**Work required:** Make an exact transcript of the lines in the data below, starting with the one containing "Nowoczesny apartament na" and going on through the one containing "データを記録し表示するモード", with both included and the pictures left out.

Recorded data START

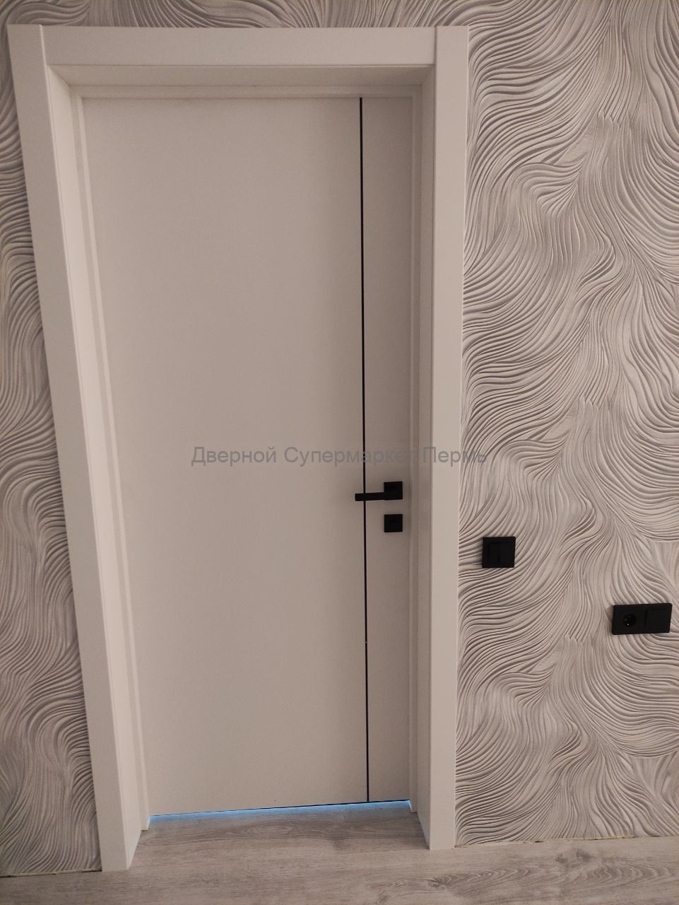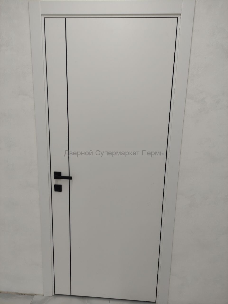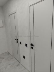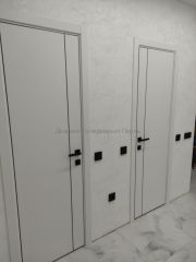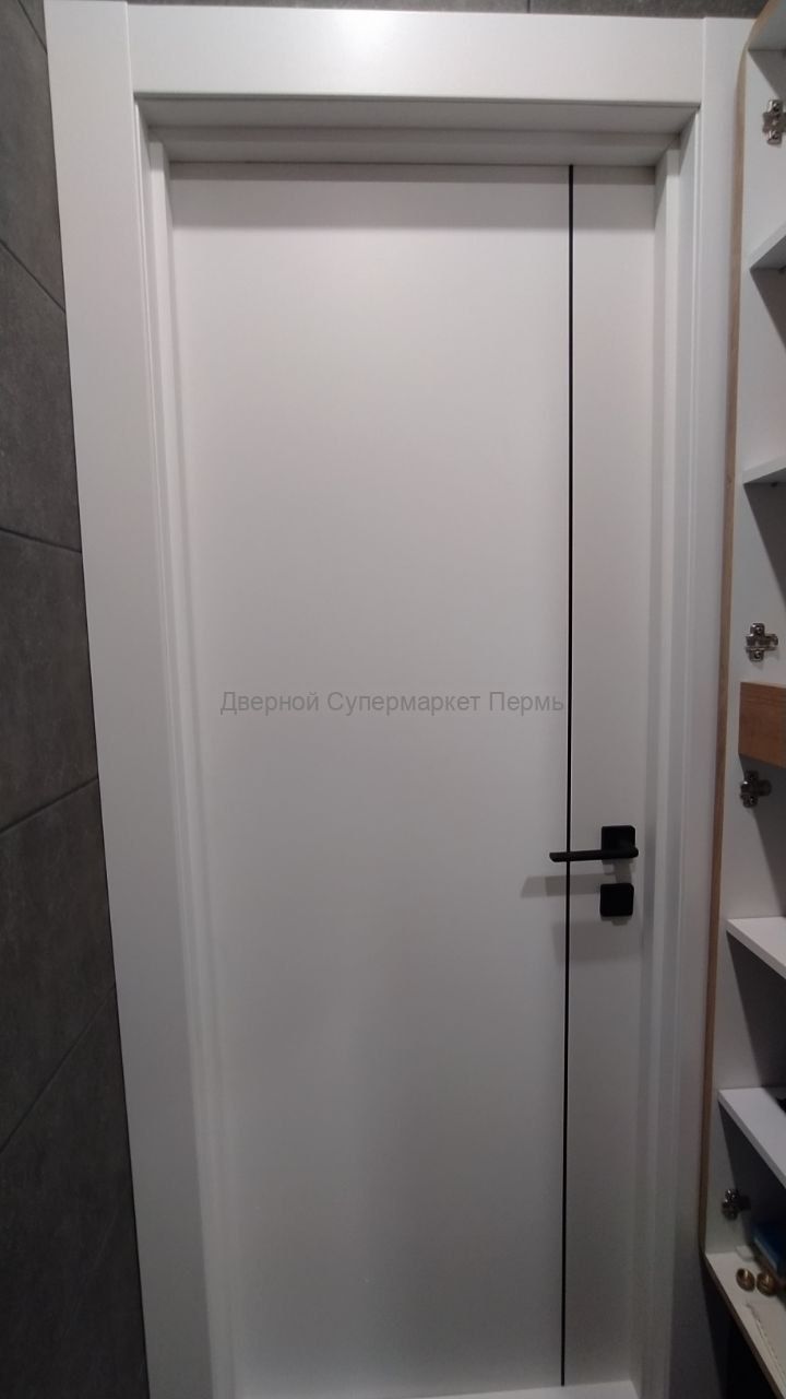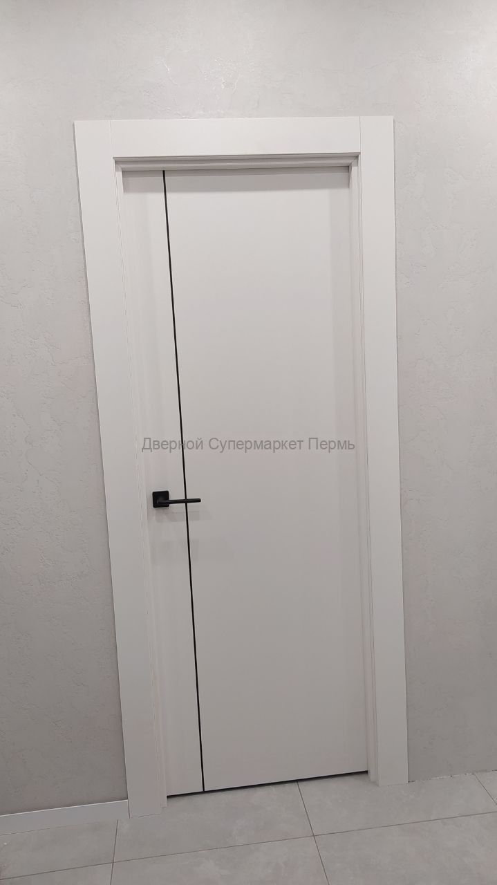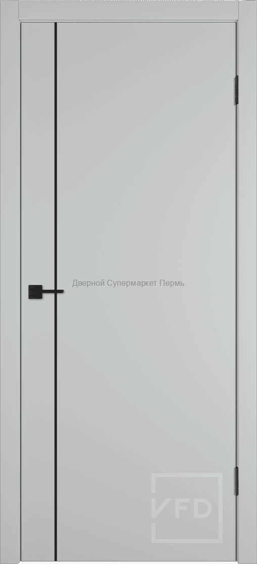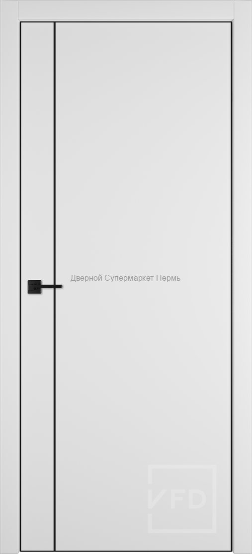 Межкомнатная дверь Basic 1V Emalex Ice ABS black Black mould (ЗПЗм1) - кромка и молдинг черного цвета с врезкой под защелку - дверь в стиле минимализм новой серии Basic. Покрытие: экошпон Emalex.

Recorded data END
Recorded data START

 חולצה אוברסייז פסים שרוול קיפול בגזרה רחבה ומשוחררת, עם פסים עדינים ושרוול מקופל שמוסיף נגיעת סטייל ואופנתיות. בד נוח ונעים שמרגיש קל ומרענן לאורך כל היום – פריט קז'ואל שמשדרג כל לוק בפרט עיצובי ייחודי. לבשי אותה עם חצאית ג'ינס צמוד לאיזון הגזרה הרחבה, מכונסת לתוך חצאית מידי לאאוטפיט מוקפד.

Recorded data END
Recorded data START

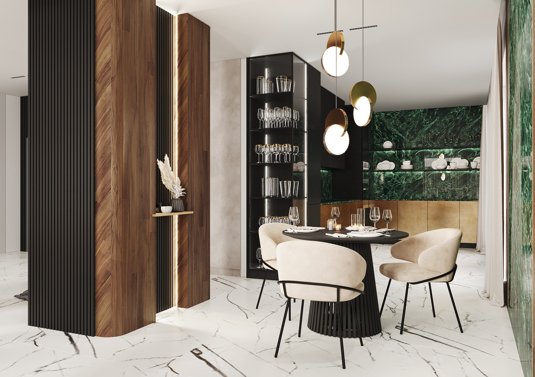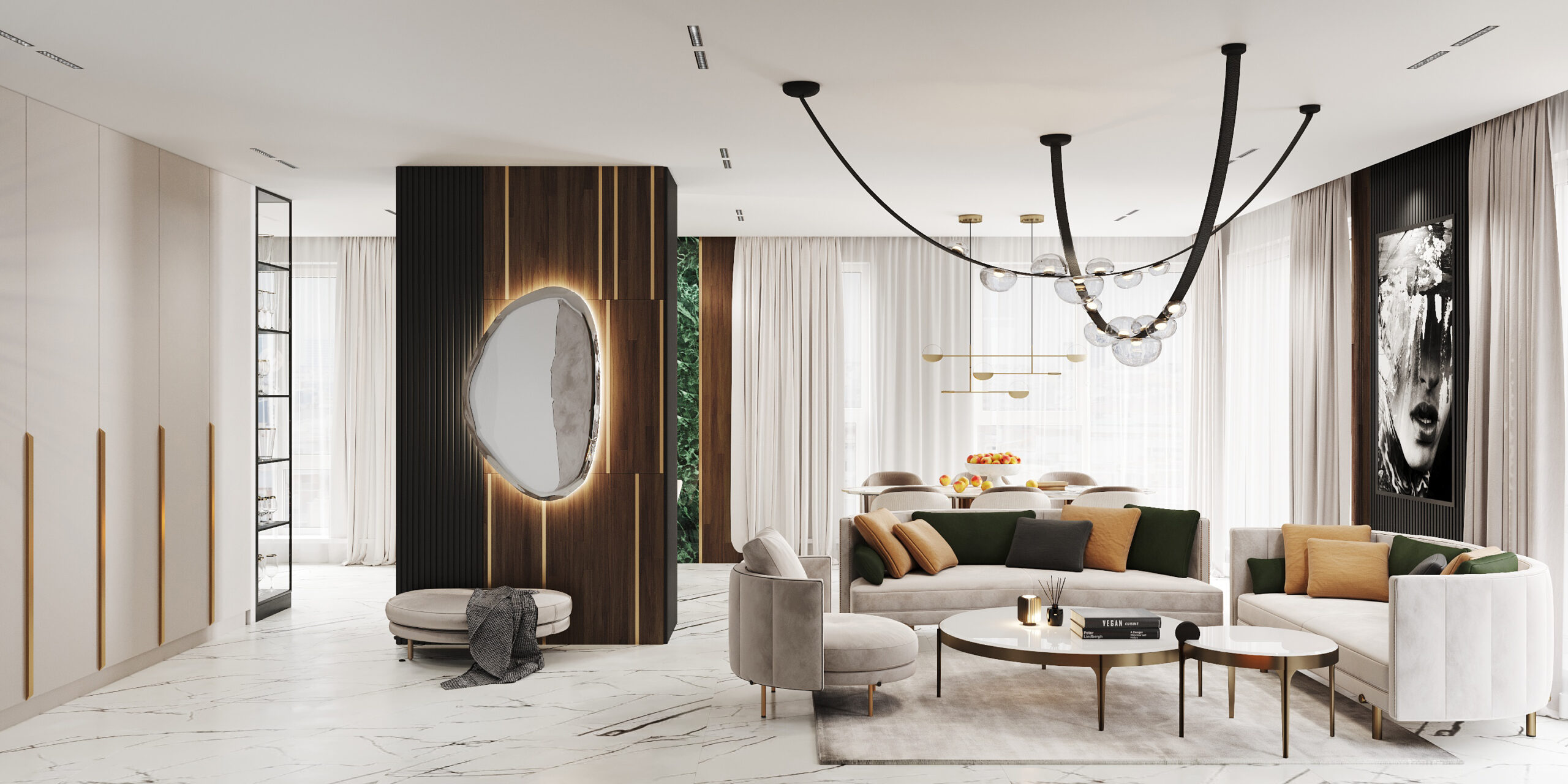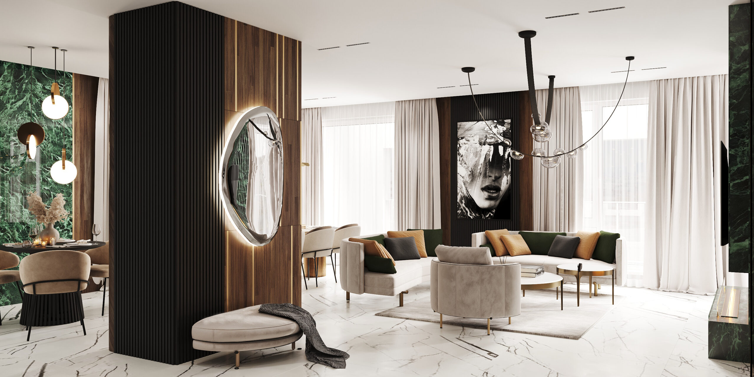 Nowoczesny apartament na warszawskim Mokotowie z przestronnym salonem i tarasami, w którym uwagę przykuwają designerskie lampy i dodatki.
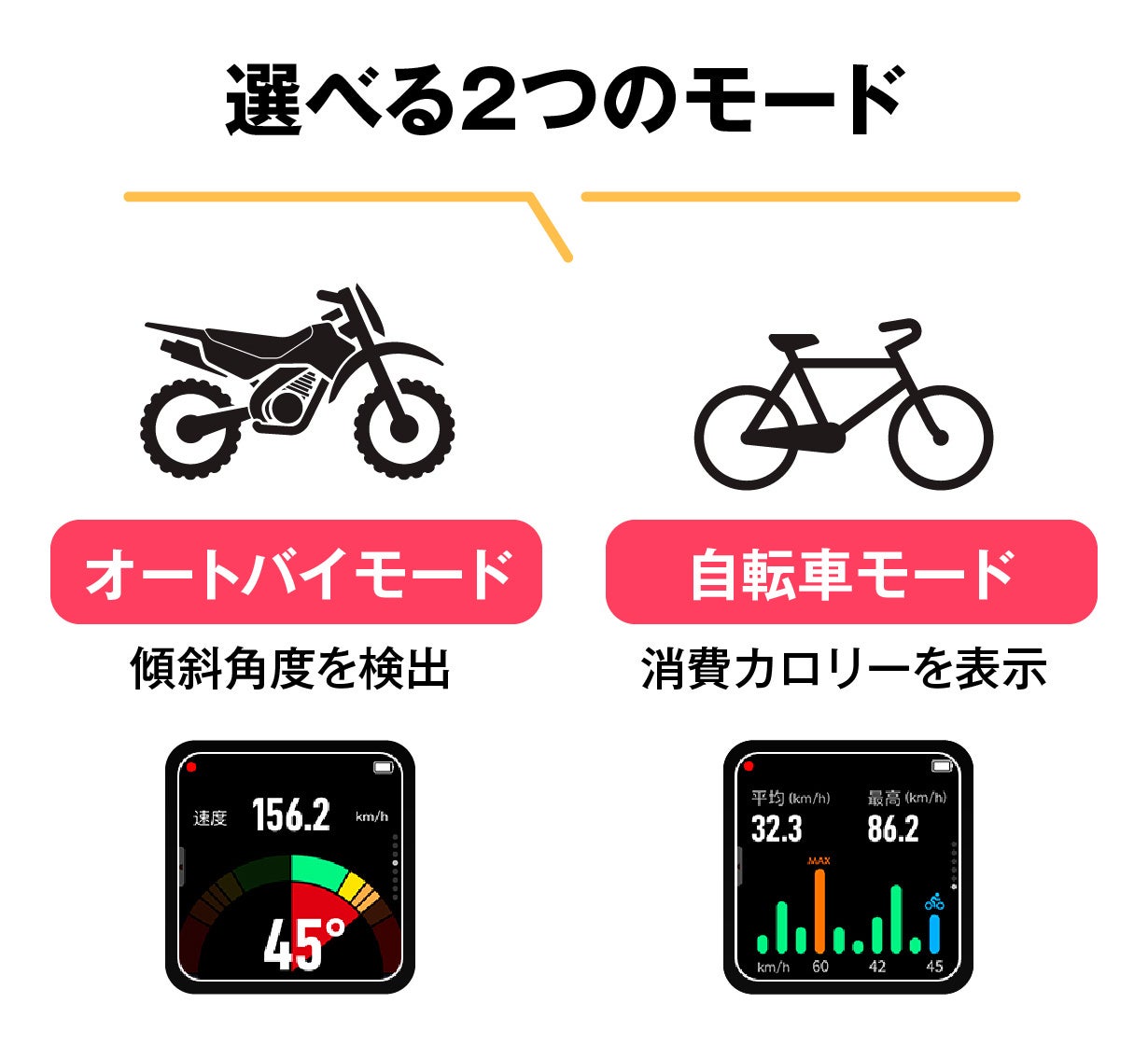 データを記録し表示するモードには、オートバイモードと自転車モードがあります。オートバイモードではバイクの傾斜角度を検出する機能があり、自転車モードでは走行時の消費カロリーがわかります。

Recorded data END

**Problem solution:**
 Nowoczesny apartament na warszawskim Mokotowie z przestronnym salonem i tarasami, w którym uwagę przykuwają designerskie lampy i dodatki.
 データを記録し表示するモードには、オートバイモードと自転車モードがあります。オートバイモードではバイクの傾斜角度を検出する機能があり、自転車モードでは走行時の消費カロリーがわかります。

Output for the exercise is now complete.